There is currently no screening programme for the disease, so high-risk women are advised to have their ovaries and fallopian tubes removed.

In the trial on 4,348 women, cancers were detected earlier, when they should be easier to treat. However, it is not yet clear if the regular blood test would save lives.

Without screening, the only other option would be to keep an eye out for symptoms including: feeling constantly bloated; a swollen stomach; discomfort in the stomach or pelvic area; feeling full quickly when eating, or loss of appetite; and needing to urinate more often or more urgently than normal.

About two in every 100 women will develop ovarian cancer at some point in their life. But the study focused on women who faced a greater than one-in-10 chance. The trial, at 42 centres across the UK, monitored levels of a chemical called CA125 in women’s blood. Three times a year, doctors tracked changes in the levels of CA125, which is produced by ovarian tissue, to see if levels became elevated – a sign of cancer.  The women also had annual scans, and surgery if doctors thought cancer was likely.
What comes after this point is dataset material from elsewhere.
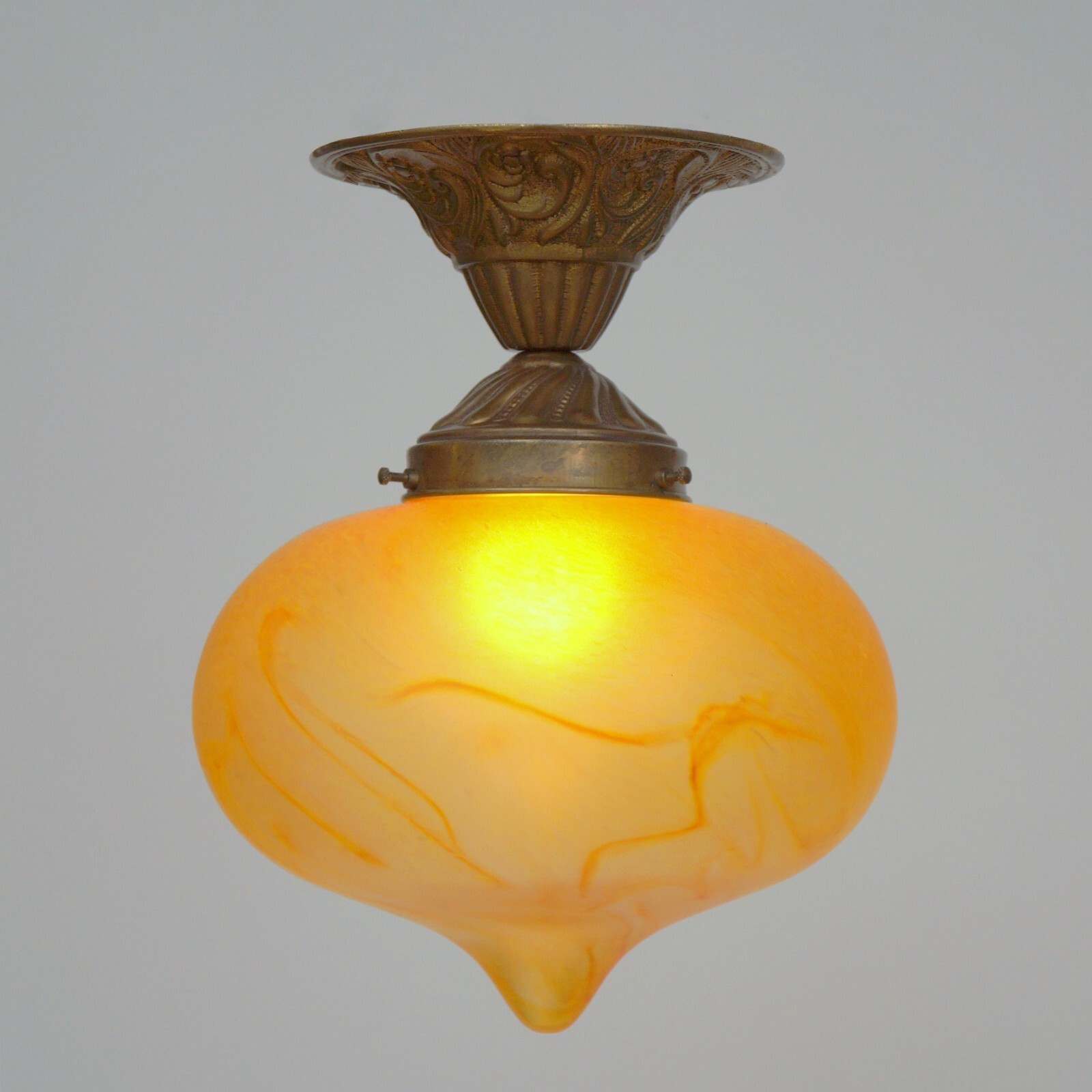 Important: We recommend using only LED lamps (filament bul!) For each of our lights. In addition to that of up to 12 times higher efficiency, the very low heat development of an LED bulb ensures the lifespan of the electrical system and the precious original glasses of its lamp. LED lamps available everywhere or here . Also suitable for LED/energy-saving bulbs with higher light output. Sale without decoration and lamp! Further Art Nouveau lights in our shop.

During three years of screening and the year after the last test, 19 cancers were detected. Ten of them were at an early stage. In the five years after that, 18 more ovarian cancers were detected. But now only one of them was at an early stage. The key principle of all cancer treatment is the earlier the tumour is found, the better the chances are of survival.
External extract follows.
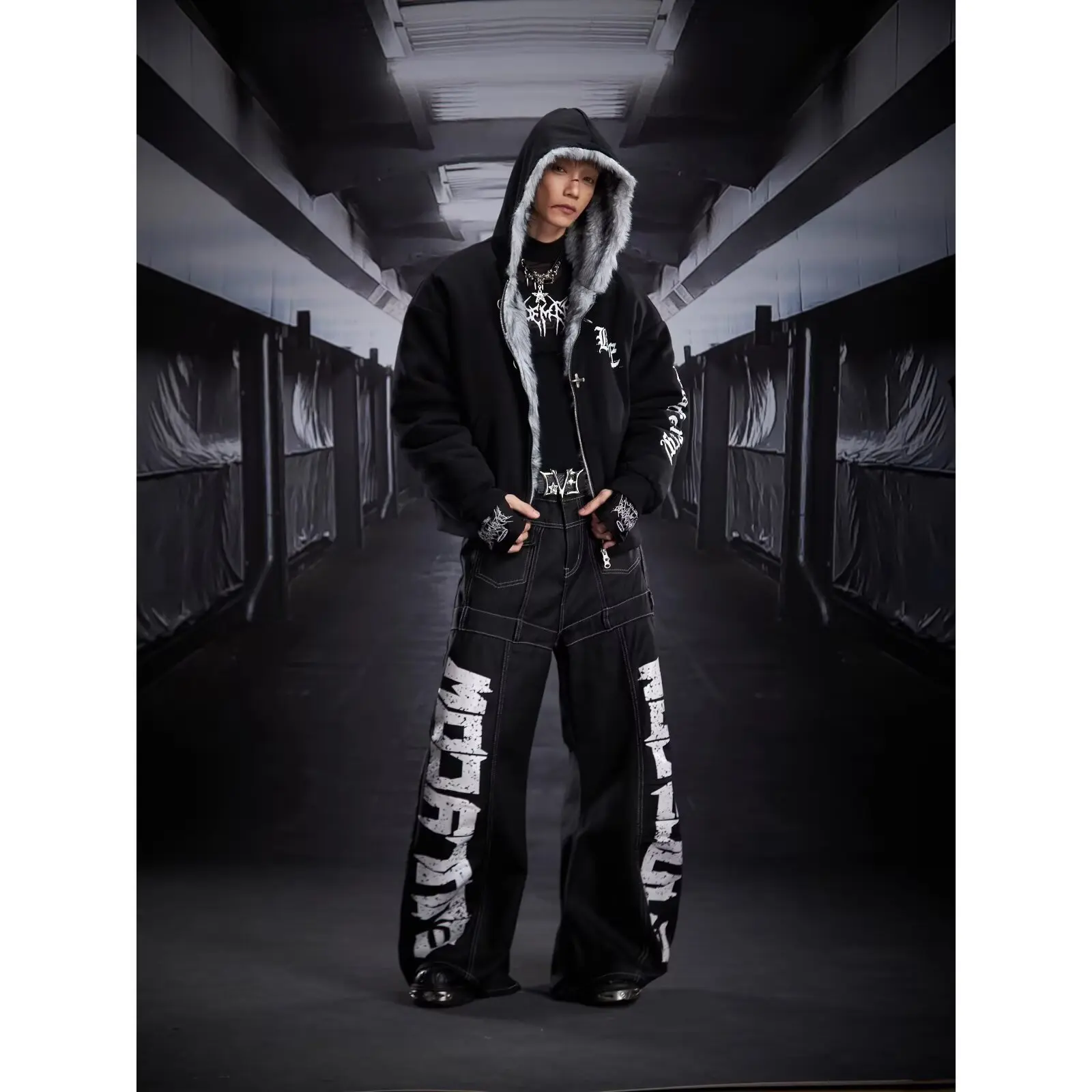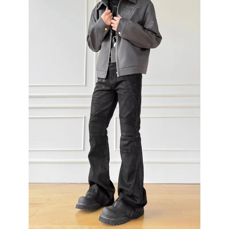 Nuevos pantalones vaqueros micro acampanados recubiertos de la industria pesada Retro americana para hombres y mujeres vaqueros sueltos informales góticos Vintage negros

And screening was finding them earlier. However, a BBC News report says, the study has not been running for long enough to know if the screening saves lives.

While screening does detect cancer, tumours are far less likely to develop in the first place if women have surgery. Professor Usha Menon, one of the researchers and a professor of gynaecological cancer from University College London, said: “What we’re trying to do is get women to have surgery. But she said: “From my point of view, women really struggle with this issue of menopause, and it seems like four-monthly screening is better than symptom awareness.

“The screening definitely picks up less advanced disease, but we cannot say for sure if we’re saving lives.”

The report says previous trials have produced insufficient evidence for mass screening of all women. And in the US, the Food and Drug Administration recently recommended “against using currently offered tests to screen for ovarian cancer”, including ones looking at CA125.

One potential issue is having a blood test could put women off surgery. “This is what everyone’s worried about,” says Menon. However, she pointed out there was already an issue with women delaying surgery. She wants UK health officials to review screening and all other advice to high-risk women, the report says.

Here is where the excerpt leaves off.